= WORKING DATA =
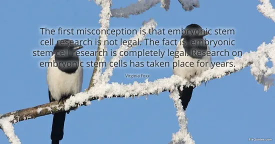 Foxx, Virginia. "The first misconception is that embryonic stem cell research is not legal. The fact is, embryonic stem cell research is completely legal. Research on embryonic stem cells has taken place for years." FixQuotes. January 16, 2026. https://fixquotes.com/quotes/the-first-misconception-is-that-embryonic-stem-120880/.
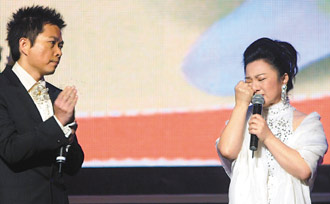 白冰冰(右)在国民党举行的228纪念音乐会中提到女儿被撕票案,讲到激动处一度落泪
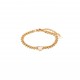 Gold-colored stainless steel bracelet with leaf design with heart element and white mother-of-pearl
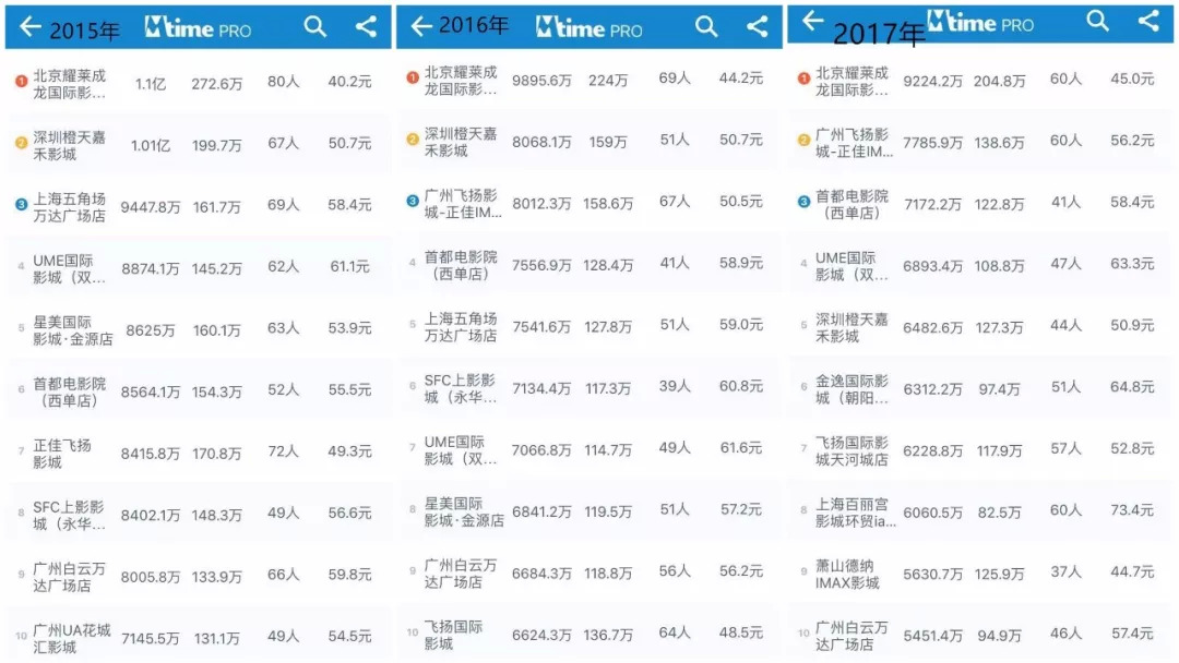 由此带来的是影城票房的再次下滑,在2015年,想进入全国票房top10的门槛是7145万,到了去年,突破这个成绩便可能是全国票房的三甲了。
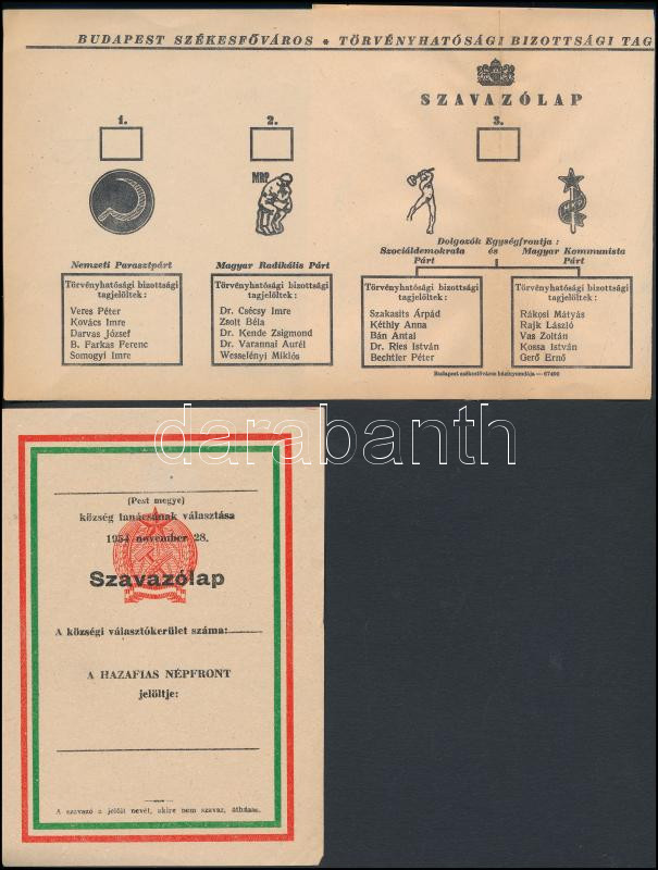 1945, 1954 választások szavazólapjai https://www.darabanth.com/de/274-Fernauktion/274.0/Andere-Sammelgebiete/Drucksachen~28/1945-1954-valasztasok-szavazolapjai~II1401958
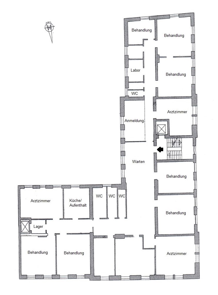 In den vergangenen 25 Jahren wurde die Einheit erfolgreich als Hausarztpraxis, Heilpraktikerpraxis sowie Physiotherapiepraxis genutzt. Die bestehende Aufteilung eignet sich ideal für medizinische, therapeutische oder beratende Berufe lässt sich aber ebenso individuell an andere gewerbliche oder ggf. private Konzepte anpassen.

--

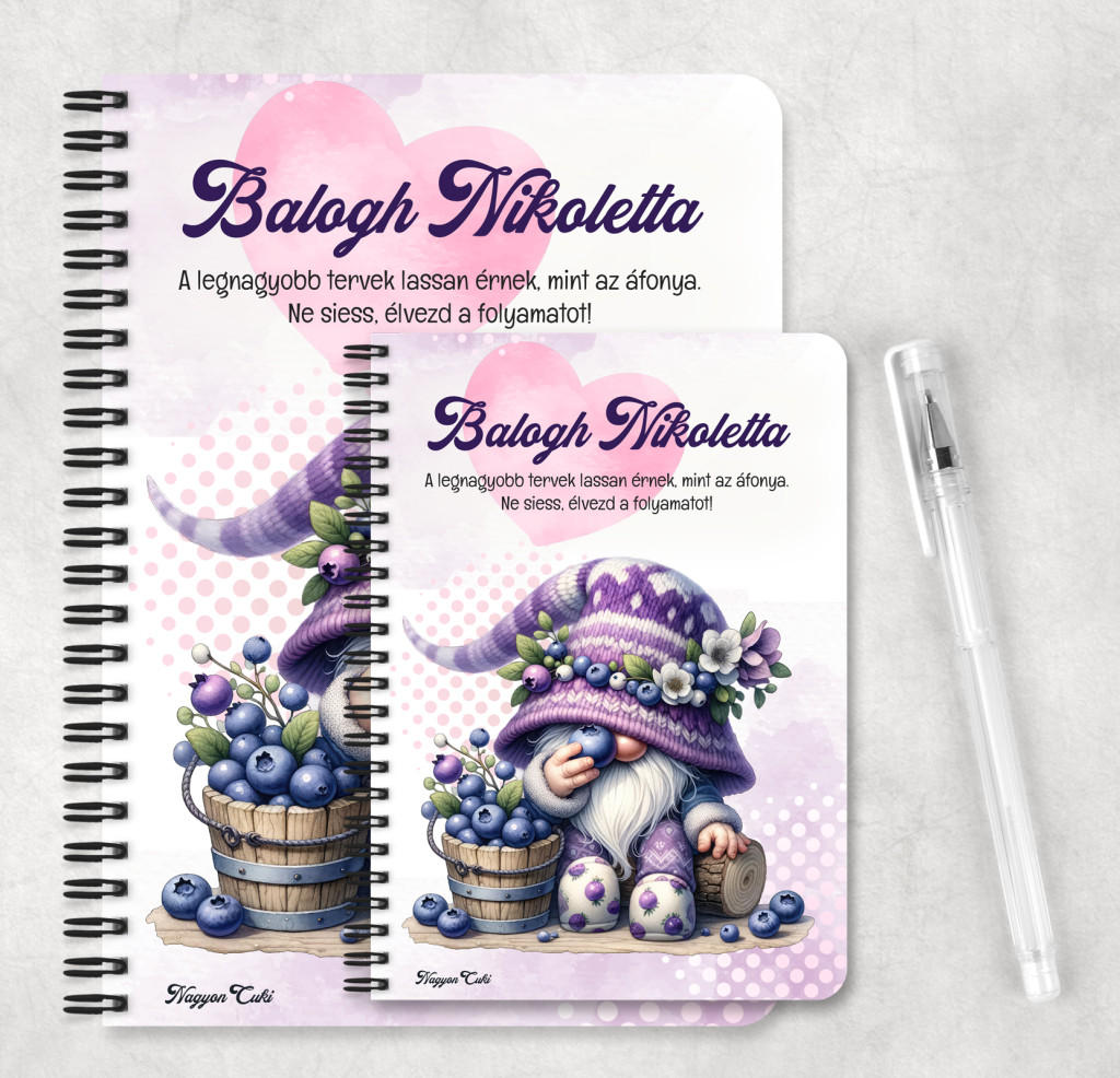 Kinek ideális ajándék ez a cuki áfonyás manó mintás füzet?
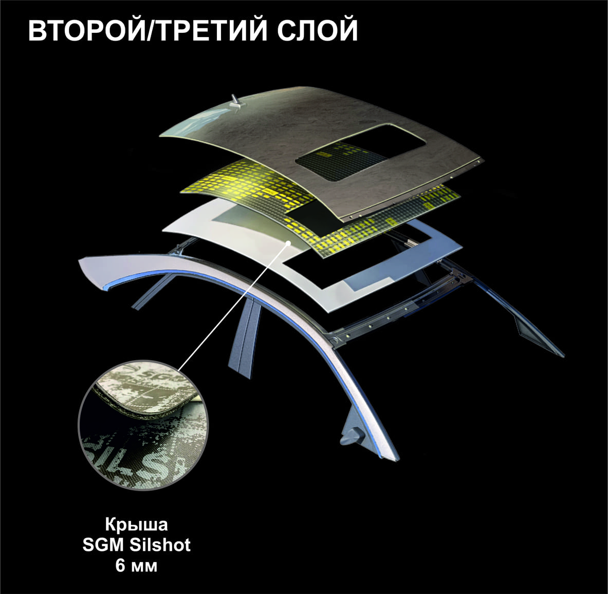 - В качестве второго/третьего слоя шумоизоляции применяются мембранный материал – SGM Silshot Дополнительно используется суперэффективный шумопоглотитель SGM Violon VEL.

= WORK REQUEST =
Using the entries above, reproduce word for word only the lines from the one that contains "Gold-colored stainless steel" to the one that contains "由此带来的是影城票房的再次下", both ends included, and drop every picture.

= THE COMPLETED TASK =
 Gold-colored stainless steel bracelet with leaf design with heart element and white mother-of-pearl
 由此带来的是影城票房的再次下滑,在2015年,想进入全国票房top10的门槛是7145万,到了去年,突破这个成绩便可能是全国票房的三甲了。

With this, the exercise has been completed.